▶ _EXTRACTED MATERIAL_:
= = = = =

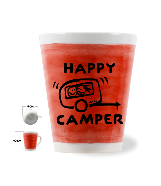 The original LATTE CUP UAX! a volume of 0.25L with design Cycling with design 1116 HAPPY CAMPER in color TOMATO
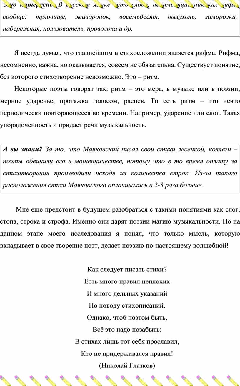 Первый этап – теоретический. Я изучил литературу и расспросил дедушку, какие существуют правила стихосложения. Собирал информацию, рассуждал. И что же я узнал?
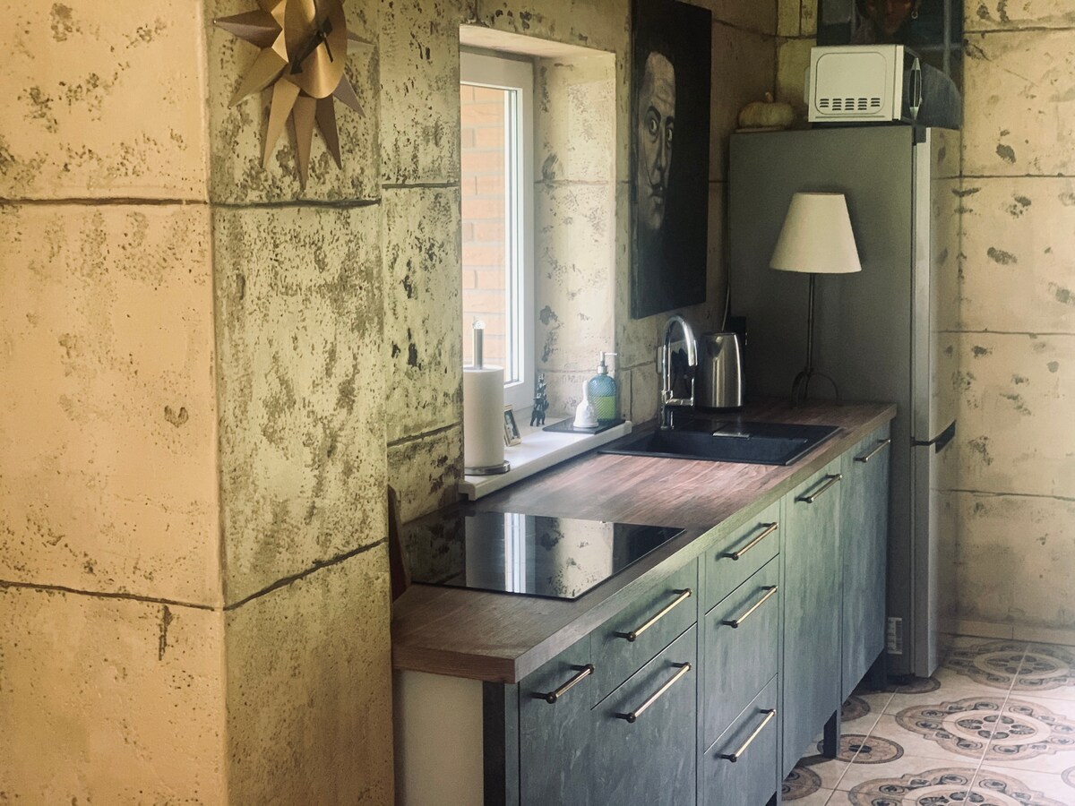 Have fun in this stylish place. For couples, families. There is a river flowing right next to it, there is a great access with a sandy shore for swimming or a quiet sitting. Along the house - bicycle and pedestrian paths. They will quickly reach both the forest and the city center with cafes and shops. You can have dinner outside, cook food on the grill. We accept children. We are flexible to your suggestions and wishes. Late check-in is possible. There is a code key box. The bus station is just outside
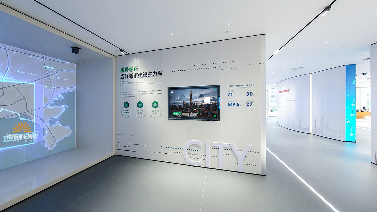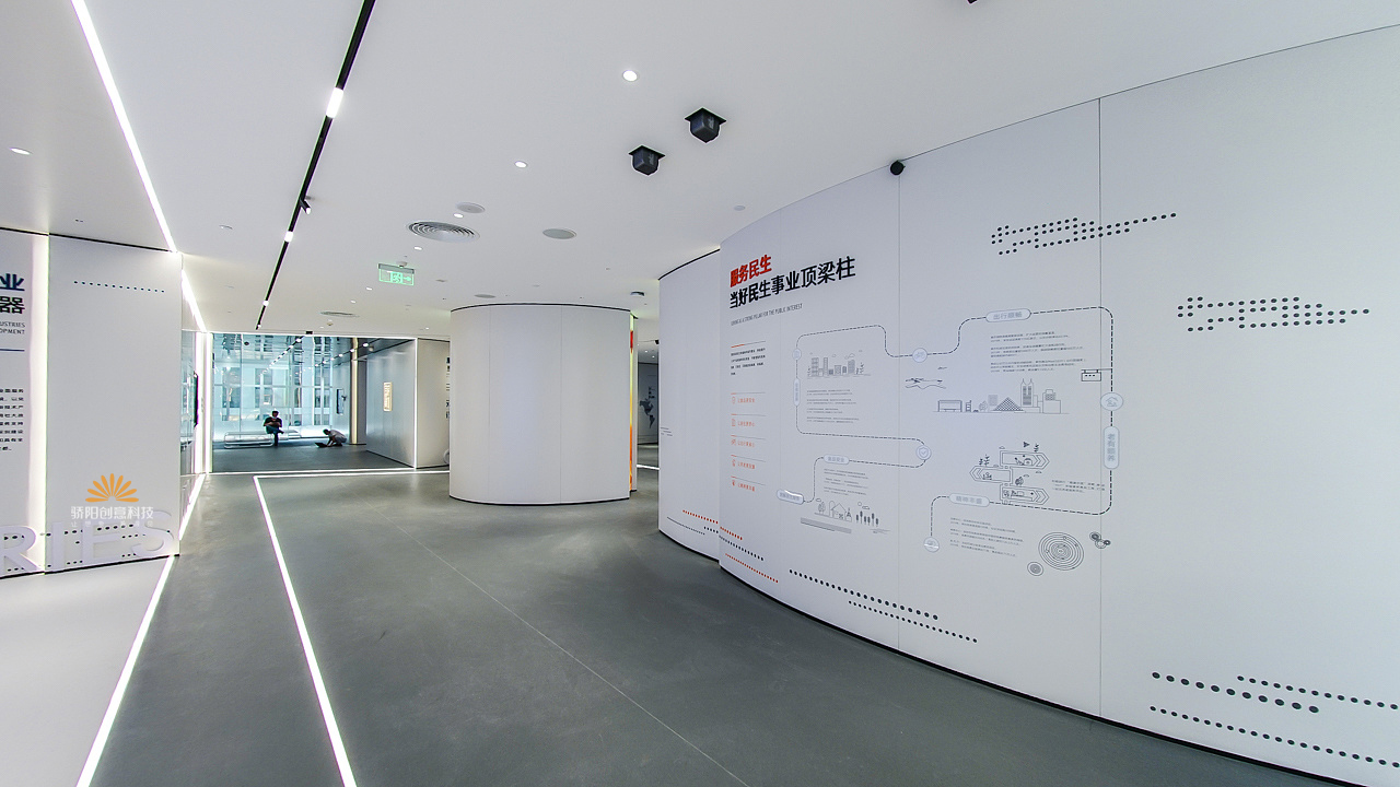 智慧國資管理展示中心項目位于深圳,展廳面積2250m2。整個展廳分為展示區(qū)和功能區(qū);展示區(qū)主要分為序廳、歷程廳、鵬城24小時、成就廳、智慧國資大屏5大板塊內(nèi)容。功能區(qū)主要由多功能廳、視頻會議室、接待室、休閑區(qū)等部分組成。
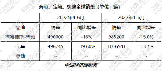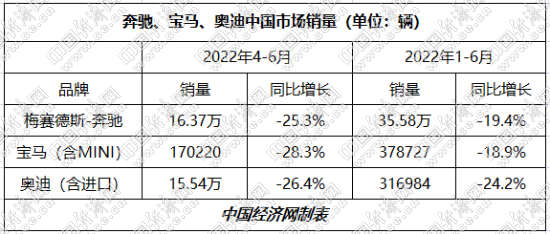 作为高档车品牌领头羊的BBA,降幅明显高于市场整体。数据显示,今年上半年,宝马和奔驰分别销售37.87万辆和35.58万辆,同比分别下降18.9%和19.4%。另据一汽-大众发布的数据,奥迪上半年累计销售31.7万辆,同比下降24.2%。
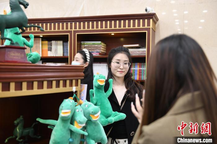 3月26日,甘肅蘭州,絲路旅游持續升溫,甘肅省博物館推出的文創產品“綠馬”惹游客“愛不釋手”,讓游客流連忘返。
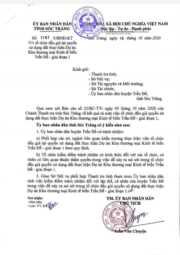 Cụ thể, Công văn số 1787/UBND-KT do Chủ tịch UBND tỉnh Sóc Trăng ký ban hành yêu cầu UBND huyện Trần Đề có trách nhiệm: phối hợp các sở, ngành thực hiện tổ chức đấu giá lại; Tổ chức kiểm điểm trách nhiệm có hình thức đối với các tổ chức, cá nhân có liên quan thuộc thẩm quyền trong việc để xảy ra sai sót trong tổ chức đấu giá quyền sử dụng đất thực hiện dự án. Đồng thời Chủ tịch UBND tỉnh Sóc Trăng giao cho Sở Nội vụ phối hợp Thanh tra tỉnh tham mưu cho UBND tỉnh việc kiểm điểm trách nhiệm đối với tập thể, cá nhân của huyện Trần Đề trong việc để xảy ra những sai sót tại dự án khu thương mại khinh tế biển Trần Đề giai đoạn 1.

= = = = =

▶ _YOUR OBJECTIVE_:
Everything in the records above must be restated verbatim, save for the pictures.

▶ _FINISHED TASK_:
 The original LATTE CUP UAX! a volume of 0.25L with design Cycling with design 1116 HAPPY CAMPER in color TOMATO
 Первый этап – теоретический. Я изучил литературу и расспросил дедушку, какие существуют правила стихосложения. Собирал информацию, рассуждал. И что же я узнал?
 Have fun in this stylish place. For couples, families. There is a river flowing right next to it, there is a great access with a sandy shore for swimming or a quiet sitting. Along the house - bicycle and pedestrian paths. They will quickly reach both the forest and the city center with cafes and shops. You can have dinner outside, cook food on the grill. We accept children. We are flexible to your suggestions and wishes. Late check-in is possible. There is a code key box. The bus station is just outside
 智慧國資管理展示中心項目位于深圳,展廳面積2250m2。整個展廳分為展示區(qū)和功能區(qū);展示區(qū)主要分為序廳、歷程廳、鵬城24小時、成就廳、智慧國資大屏5大板塊內(nèi)容。功能區(qū)主要由多功能廳、視頻會議室、接待室、休閑區(qū)等部分組成。
 作为高档车品牌领头羊的BBA,降幅明显高于市场整体。数据显示,今年上半年,宝马和奔驰分别销售37.87万辆和35.58万辆,同比分别下降18.9%和19.4%。另据一汽-大众发布的数据,奥迪上半年累计销售31.7万辆,同比下降24.2%。
 3月26日,甘肅蘭州,絲路旅游持續升溫,甘肅省博物館推出的文創產品“綠馬”惹游客“愛不釋手”,讓游客流連忘返。
 Cụ thể, Công văn số 1787/UBND-KT do Chủ tịch UBND tỉnh Sóc Trăng ký ban hành yêu cầu UBND huyện Trần Đề có trách nhiệm: phối hợp các sở, ngành thực hiện tổ chức đấu giá lại; Tổ chức kiểm điểm trách nhiệm có hình thức đối với các tổ chức, cá nhân có liên quan thuộc thẩm quyền trong việc để xảy ra sai sót trong tổ chức đấu giá quyền sử dụng đất thực hiện dự án. Đồng thời Chủ tịch UBND tỉnh Sóc Trăng giao cho Sở Nội vụ phối hợp Thanh tra tỉnh tham mưu cho UBND tỉnh việc kiểm điểm trách nhiệm đối với tập thể, cá nhân của huyện Trần Đề trong việc để xảy ra những sai sót tại dự án khu thương mại khinh tế biển Trần Đề giai đoạn 1.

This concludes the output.